SOURCE RECORDS below:
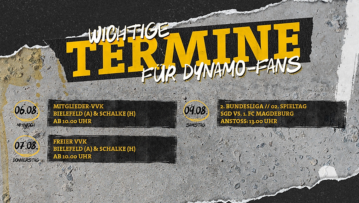 Bevor es am Samstag im Hexenkessel Rudolf-Harbig-Stadion zum ersten Mal in der Spielzeit 2025/26 so richtig laut wird, finden in dieser Woche noch die Vorverkäufe für die Partien beim DSC Arminia Bielefeld und gegen den FC Schalke 04 statt. Ab Mittwoch, dem 6. August, haben Vereinsmitglieder ab 10 Uhr die Möglichkeit, sich ihre Tickets für beide Spiele zu sichern. Einen Tag später, am Donnerstag, dem 7. August, gehen eventuell verbleibende Karten ab 10 Uhr in den freien Verkauf.
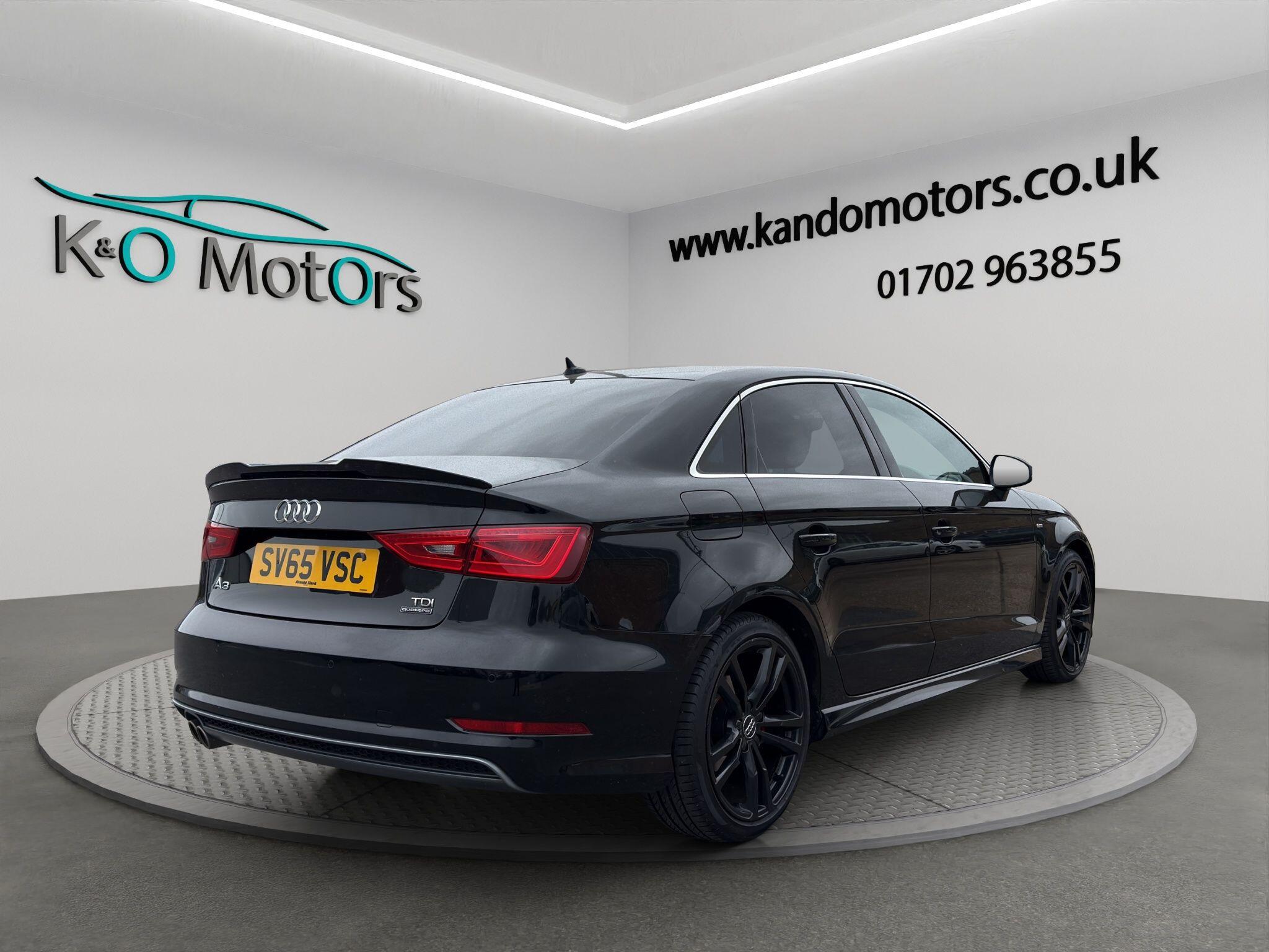 This 2015 Audi A3 S Line S Tronic Quattro ULEZ, finished in Metallic black with black wheels and a black pack, is ULEZ compliant and offered for sale in Southend, Essex. It benefits from fantastic service history, some great optional extras such as SatNav, Dual Climate Control, full black exterior pack, Bluetooth and much more! The car has been fully prepared and is ready for its next owner today. K&O Motors, your trusted independent car dealer in Southend-on-Sea, Essex, specialising in quality used cars at competitive prices. All vehicles are hand-selected for condition, value, and performance and are available for immediate viewing. We are a family run business with 8 staff members (7 are family!) and offer a much more friendly environment to buy your next car than some of the bigger supermarket dealers! At K&O Motors in Southend, every vehicle is HPI clear and undergoes a comprehensive 150 point health check for complete peace of mind. We’re proud to be ranked in the top 5% of AutoTrader dealers for five consecutive years, earning the “Highly Rated for Customer Service” award every year thanks to our commitment to customer satisfaction. Ask a team member how to secure this vehicle today with a fully refundable deposit scheme from as little as £250. With over 300 verified 5-star reviews and a 99%+ customer satisfaction rate, you can buy with confidence. We offer competitive part exchange, flexible finance options for all credit backgrounds (including poor credit), and nationwide delivery. For added reassurance, nationwide warranty cover is available for up to 3 years. We’re conveniently located in Southend, Essex, with free collection from Southend Central or Prittlewell train stations. People have also flown into London Southend airport to visit us! Viewings is advised by appointment. Opening hours: Mon–Fri 9:15am–5.30pm | Sat 9:15am–1pm. Out-of-hours appointments available on request. K&O Motors – Quality Used Cars in Southend, Essex. Contact us today.
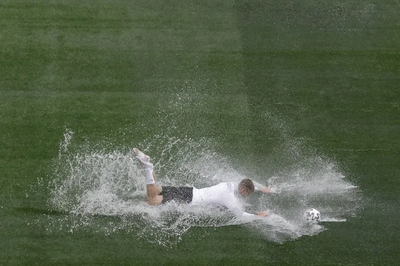 Asta s-ar fi întâmplat dacă ar fi plouat conform prognozei meteo în timpul meciului Austria - Macedonia de Nord. Imaginea a fost surprinsă cu o zi înainte de meci. Drenajul a funcționat și gazonul a fost în stare bună Foto: INQUAM Photos /Octav Ganea
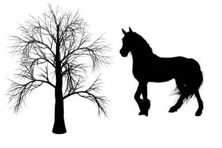 Silhouette of deer and tree in winter landscape. 3D rendering
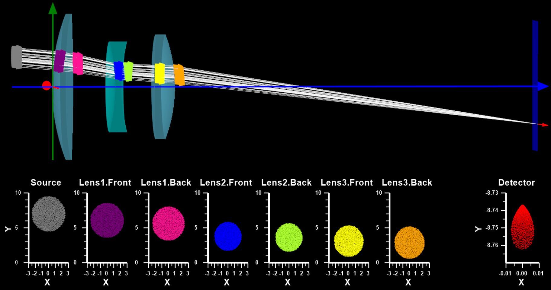 The figure below exemplifies transient detectors in the case of a simple Cooke triplet.
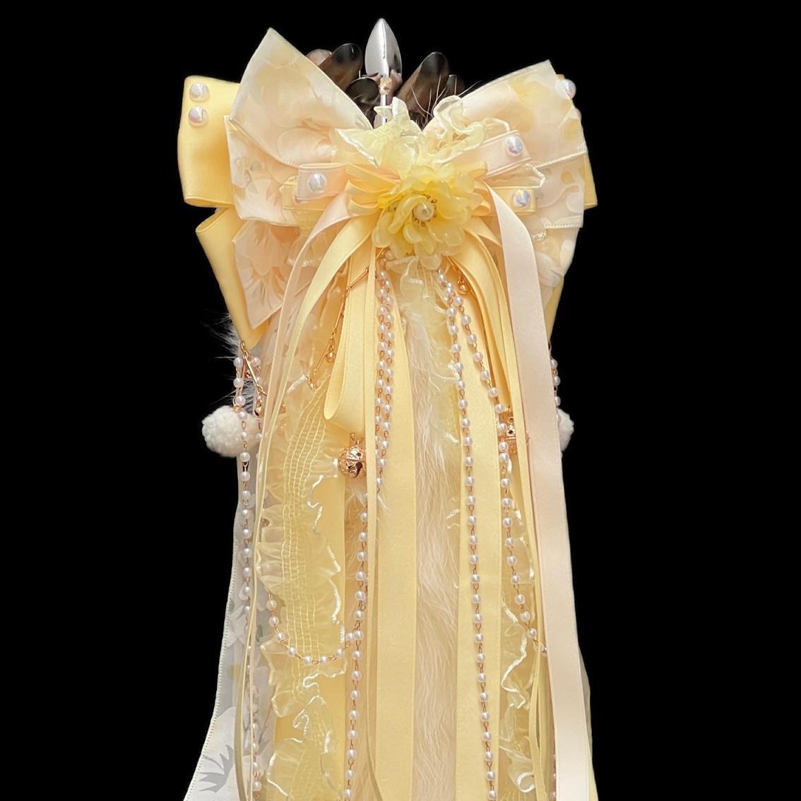 原创手作淡黄色蝴蝶,2.6+2.1CM宫铃,蝴蝶结绑带设计可拆卸。
End of SOURCE RECORDS.
:: YOUR GOAL ::
All the records need to be printed again exactly as written, though without their pictures.

:: ANSWER ::
 Bevor es am Samstag im Hexenkessel Rudolf-Harbig-Stadion zum ersten Mal in der Spielzeit 2025/26 so richtig laut wird, finden in dieser Woche noch die Vorverkäufe für die Partien beim DSC Arminia Bielefeld und gegen den FC Schalke 04 statt. Ab Mittwoch, dem 6. August, haben Vereinsmitglieder ab 10 Uhr die Möglichkeit, sich ihre Tickets für beide Spiele zu sichern. Einen Tag später, am Donnerstag, dem 7. August, gehen eventuell verbleibende Karten ab 10 Uhr in den freien Verkauf.
 This 2015 Audi A3 S Line S Tronic Quattro ULEZ, finished in Metallic black with black wheels and a black pack, is ULEZ compliant and offered for sale in Southend, Essex. It benefits from fantastic service history, some great optional extras such as SatNav, Dual Climate Control, full black exterior pack, Bluetooth and much more! The car has been fully prepared and is ready for its next owner today. K&O Motors, your trusted independent car dealer in Southend-on-Sea, Essex, specialising in quality used cars at competitive prices. All vehicles are hand-selected for condition, value, and performance and are available for immediate viewing. We are a family run business with 8 staff members (7 are family!) and offer a much more friendly environment to buy your next car than some of the bigger supermarket dealers! At K&O Motors in Southend, every vehicle is HPI clear and undergoes a comprehensive 150 point health check for complete peace of mind. We’re proud to be ranked in the top 5% of AutoTrader dealers for five consecutive years, earning the “Highly Rated for Customer Service” award every year thanks to our commitment to customer satisfaction. Ask a team member how to secure this vehicle today with a fully refundable deposit scheme from as little as £250. With over 300 verified 5-star reviews and a 99%+ customer satisfaction rate, you can buy with confidence. We offer competitive part exchange, flexible finance options for all credit backgrounds (including poor credit), and nationwide delivery. For added reassurance, nationwide warranty cover is available for up to 3 years. We’re conveniently located in Southend, Essex, with free collection from Southend Central or Prittlewell train stations. People have also flown into London Southend airport to visit us! Viewings is advised by appointment. Opening hours: Mon–Fri 9:15am–5.30pm | Sat 9:15am–1pm. Out-of-hours appointments available on request. K&O Motors – Quality Used Cars in Southend, Essex. Contact us today.
 Asta s-ar fi întâmplat dacă ar fi plouat conform prognozei meteo în timpul meciului Austria - Macedonia de Nord. Imaginea a fost surprinsă cu o zi înainte de meci. Drenajul a funcționat și gazonul a fost în stare bună Foto: INQUAM Photos /Octav Ganea
 Silhouette of deer and tree in winter landscape. 3D rendering
 The figure below exemplifies transient detectors in the case of a simple Cooke triplet.
 原创手作淡黄色蝴蝶,2.6+2.1CM宫铃,蝴蝶结绑带设计可拆卸。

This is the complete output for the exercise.